◆ Task instructions: Your answer must consist only of the lines from the start of the entries through the line that holds "Crafted with a", copied exactly, with no pictures.

[Saved entries]
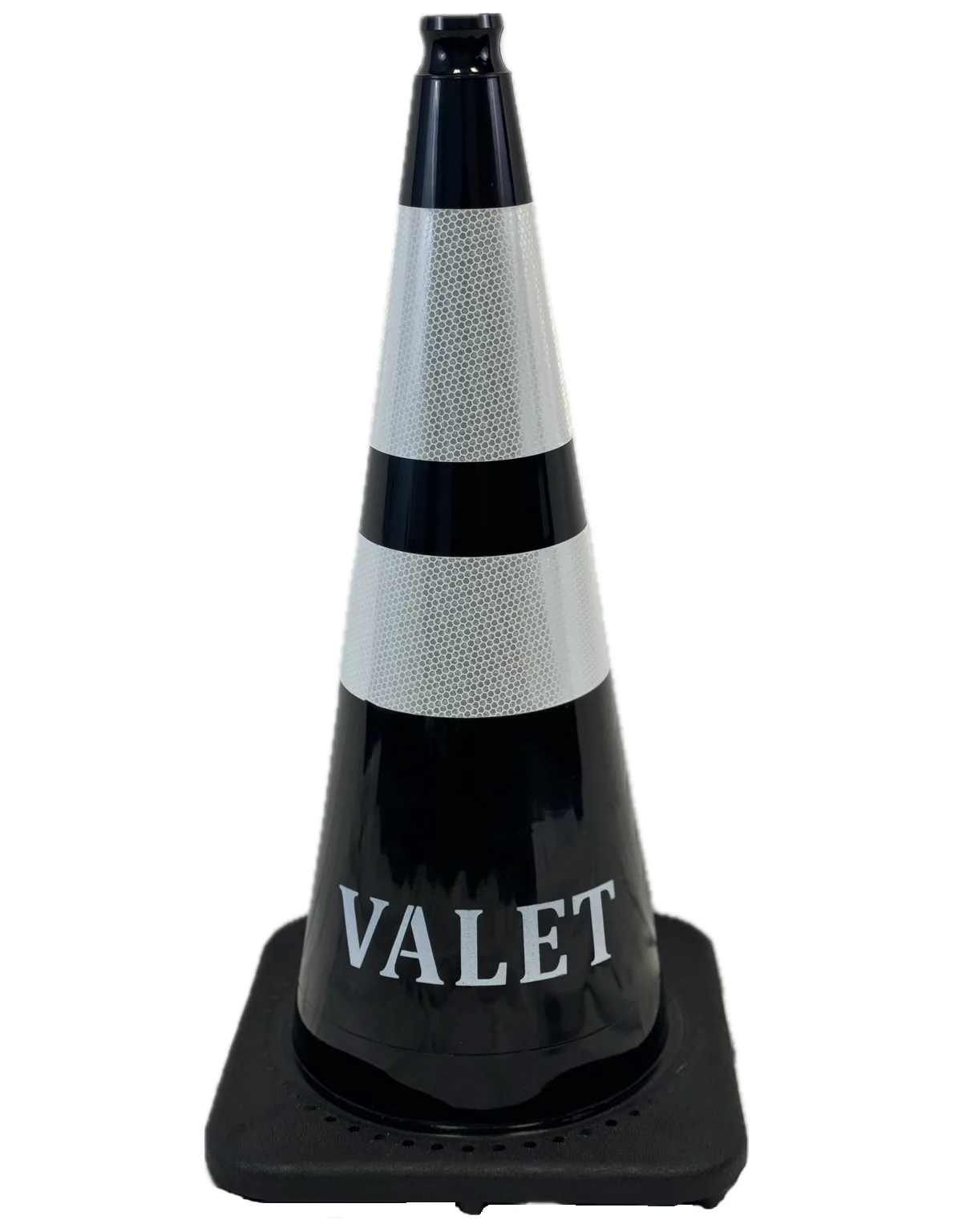 | CRBLK28RC64S-VALET | Black 28" 7 lbs JBC Cone w/ 6" & 4" Reflective Collars & Single-Sided 'Valet' Lettering |
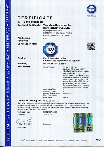 日前,在紅旗全體電纜人的共同努力下,紅旗電纜公司生產(chǎn)的太陽能光伏電線電纜成功通過了德國萊茵(簡稱TUV)認(rèn)證,本次認(rèn)證覆蓋了歐盟EN50618:2014和德國VDE-AR-E2283-4:2011兩個標(biāo)準(zhǔn)的光伏電線電纜,電線從1×1.5m㎡到1*35m㎡的全部規(guī)格、電纜從2×1.5m㎡到2*6m㎡的全部規(guī)格。
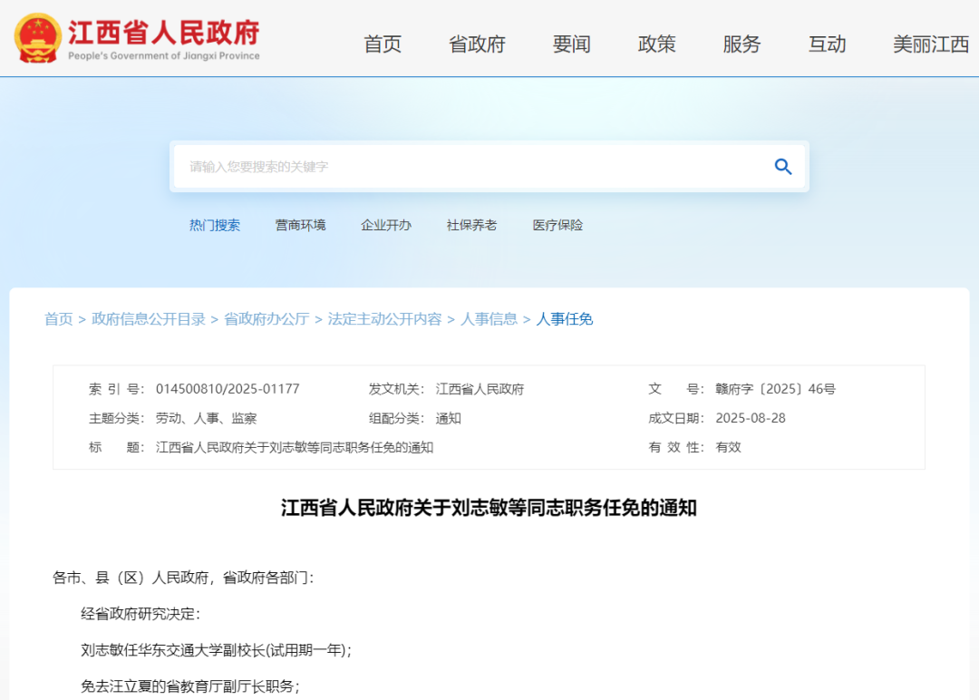 8月28日,江西省人民政府发布一批领导干部任免的通知,其中,刘志敏任华东交通大学副校长(试用期一年)。
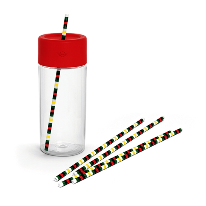 O copo acompanha cinco canudos reutilizáveis listrados, incentivando o uso consciente e sustentável. O logotipo MINI com asas, gravado na parte superior, reforça o apelo exclusivo da marca, acrescentando um toque de sofisticação ao produto.
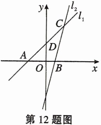 12. 如图,在平面直角坐标系中,直线$l_1:y = x + 2$与x轴交于点A,与y轴交于点D,直线$l_2$与x轴交于点$B(1,0)$,与$l_1相交于点C(m,4)$.
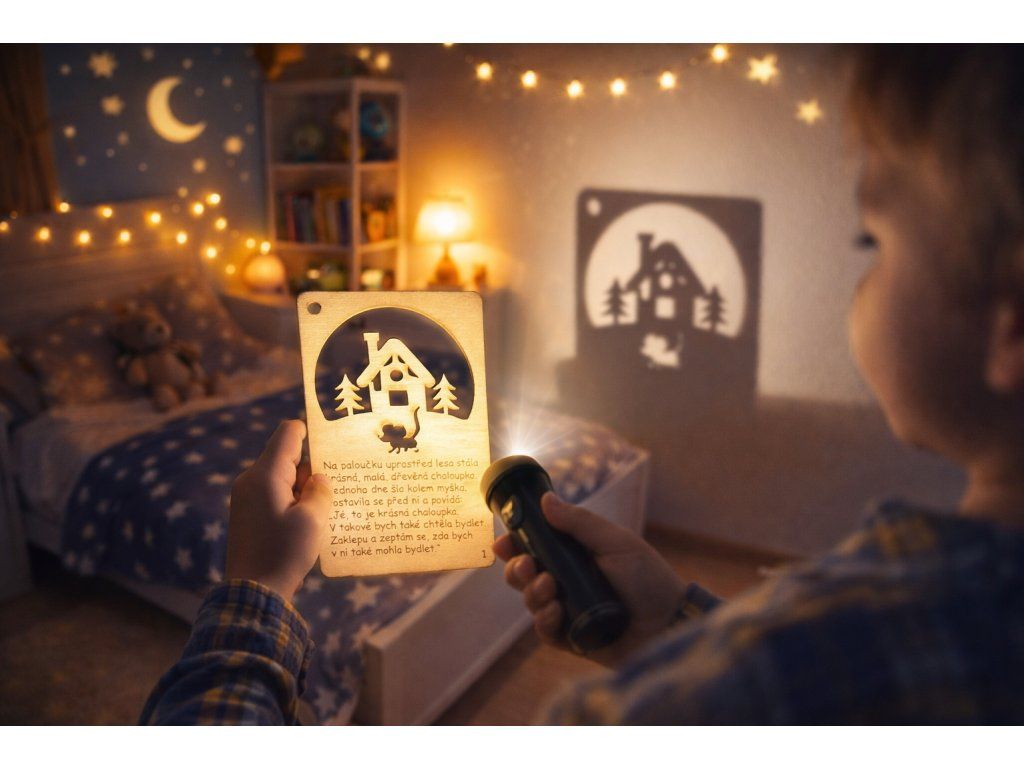 Originální dřevěné pohádky nejen na dobrou noc . Hra stínů přes celý pokojíček zaujme všechna neposedná dítka a převypráví pohádku zcela novým způsobem. Krásné, poutavé a pohádkové dobrodružství může začít.
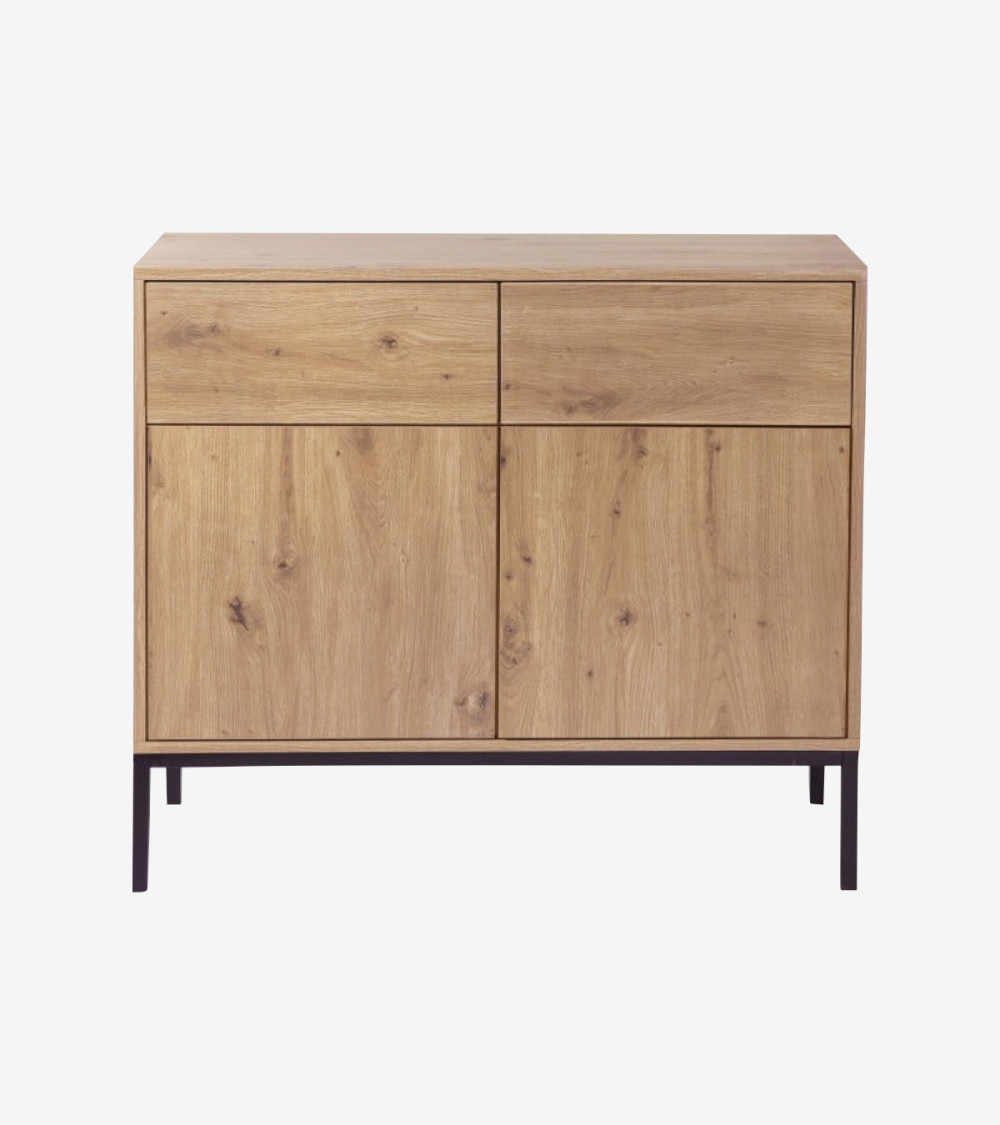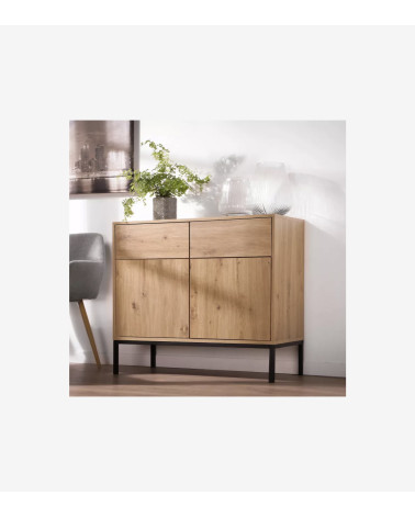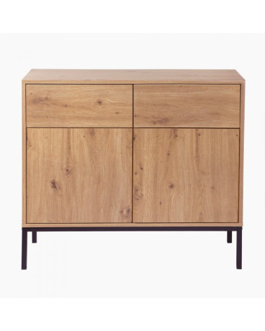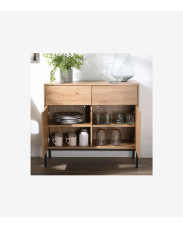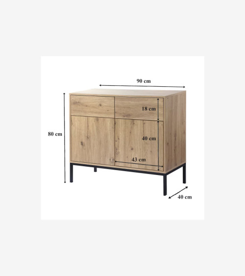 Buffet 2 Portes 2 Tiroirs Décor Chêne L 90 cm x l 40 cm x H 80 cm
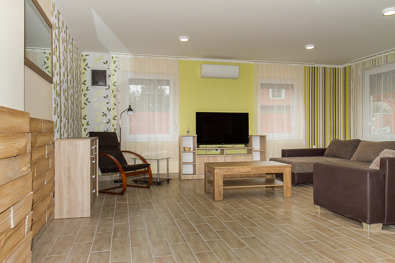 Klimatizált ikernyaraló fele 4-6 főre nyugodt, strandközeli helyen wifivel. Kert, kerti bútor, kertigrill, fedett autóbeálló, Sat-TV, klíma ( felárért ). A nyaraló másik fele is bérelhető ( BM 72/B ).
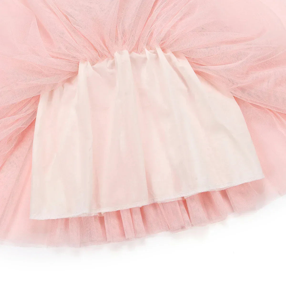 Crafted with a tailored bodice and a smocked back, this dress ensures a comfortable and fit that allows for easy movement. The heart-shaped neckline adds a touch of elegance while the flowing cascading tulle skirt creates a whimsical look that she'll love to flaunt. Whether it's a birthday party, wedding, or a fun-filled outdoor event, this dress is the ideal choice for any occasion.
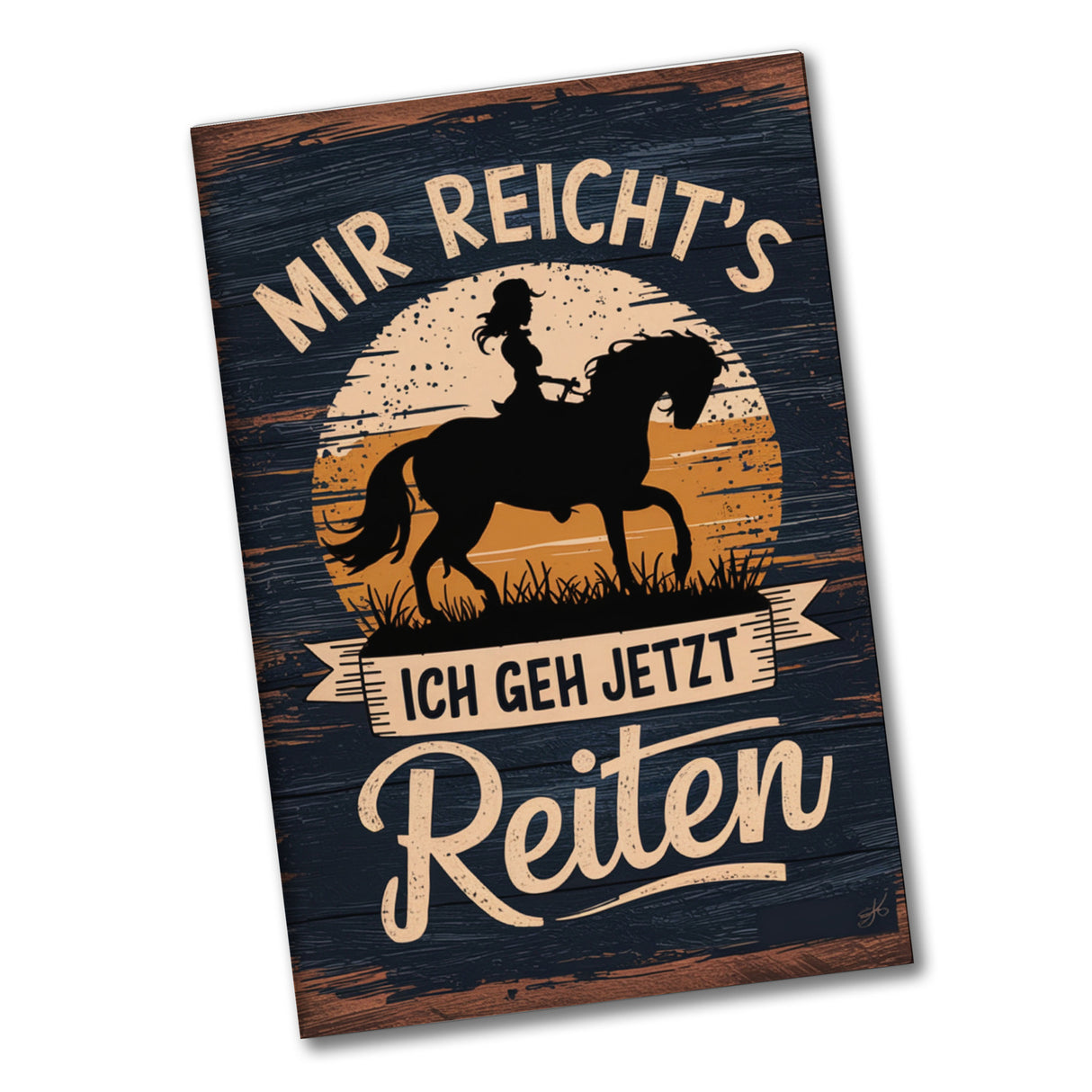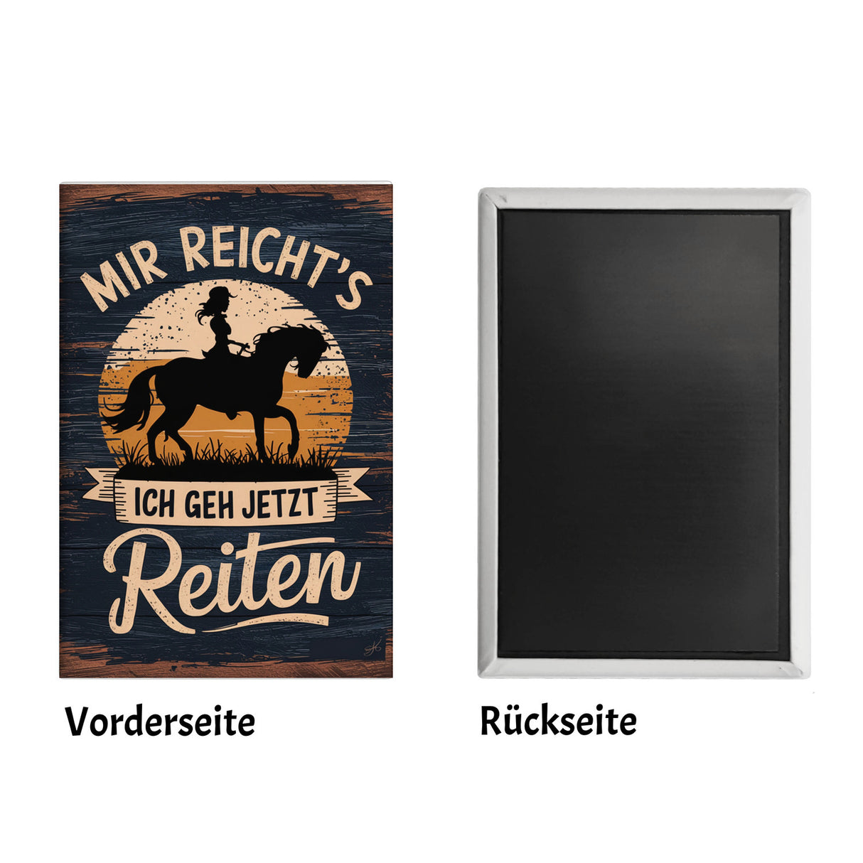 Satteln Sie Ihre Magnete auf! Unser „Frau auf Pferd - Ich geh jetzt reiten“-Magnet im rustikalen Holzdesign ist der perfekte Begleiter für Ihre metallischen Oberflächen. Das Vintage-Design bringt den Charme von Retro-Flair und Reitaktivitäten direkt in Ihre Küche. Dieser rechteckige Magnet zeigt die starke Silhouette einer Frau auf einem tapferen Pferd vor einem hinreißenden Farbverlaufshintergrund. Der witzige Spruch „MIR REICHT'S, ICH GEH JETZT REITEN“ rundet das Design perfekt ab und sorgt für gute Laune.Perfekt als Geschenk für alle, die Pferde, Reiten und ein bisschen Retro-Charme lieben. Mit diesem Magneten landen Sie bestimmt einen Volltreffer bei jedem Pferdefan. Also zügeln Sie Ihr Zögern und holen Sie sich dieses tolle Stück! Hochwertiger Souvenir-Magnet mit schönem Motiv. Größe ca. 8 x 5,5 cm. Gewicht ca. 24g.Für alle, die Pferde lieben und es kaum erwarten können, sich wieder in den Sattel zu schwingen, ist dieser Magnet ein Must-Have! Ob am Kühlschrank, an der Magnetwand im Büro oder als Dekoration im Stall, der Magnet ist vielseitig einsetzbar und ein echter Hingucker. Also, worauf wartest du noch? Hol dir diesen charmanten Magneten und zeige der Welt deine Leidenschaft für Pferde und Reitaktivitäten! Ein tolles Geschenk für jeden Anlass, das Freude und ein Lächeln ins Gesicht des Beschenkten zaubert.

◆ Task solution:
 | CRBLK28RC64S-VALET | Black 28" 7 lbs JBC Cone w/ 6" & 4" Reflective Collars & Single-Sided 'Valet' Lettering |
 日前,在紅旗全體電纜人的共同努力下,紅旗電纜公司生產(chǎn)的太陽能光伏電線電纜成功通過了德國萊茵(簡稱TUV)認(rèn)證,本次認(rèn)證覆蓋了歐盟EN50618:2014和德國VDE-AR-E2283-4:2011兩個標(biāo)準(zhǔn)的光伏電線電纜,電線從1×1.5m㎡到1*35m㎡的全部規(guī)格、電纜從2×1.5m㎡到2*6m㎡的全部規(guī)格。
 8月28日,江西省人民政府发布一批领导干部任免的通知,其中,刘志敏任华东交通大学副校长(试用期一年)。
 O copo acompanha cinco canudos reutilizáveis listrados, incentivando o uso consciente e sustentável. O logotipo MINI com asas, gravado na parte superior, reforça o apelo exclusivo da marca, acrescentando um toque de sofisticação ao produto.
 12. 如图,在平面直角坐标系中,直线$l_1:y = x + 2$与x轴交于点A,与y轴交于点D,直线$l_2$与x轴交于点$B(1,0)$,与$l_1相交于点C(m,4)$.
 Originální dřevěné pohádky nejen na dobrou noc . Hra stínů přes celý pokojíček zaujme všechna neposedná dítka a převypráví pohádku zcela novým způsobem. Krásné, poutavé a pohádkové dobrodružství může začít.
 Buffet 2 Portes 2 Tiroirs Décor Chêne L 90 cm x l 40 cm x H 80 cm
 Klimatizált ikernyaraló fele 4-6 főre nyugodt, strandközeli helyen wifivel. Kert, kerti bútor, kertigrill, fedett autóbeálló, Sat-TV, klíma ( felárért ). A nyaraló másik fele is bérelhető ( BM 72/B ).
 Crafted with a tailored bodice and a smocked back, this dress ensures a comfortable and fit that allows for easy movement. The heart-shaped neckline adds a touch of elegance while the flowing cascading tulle skirt creates a whimsical look that she'll love to flaunt. Whether it's a birthday party, wedding, or a fun-filled outdoor event, this dress is the ideal choice for any occasion.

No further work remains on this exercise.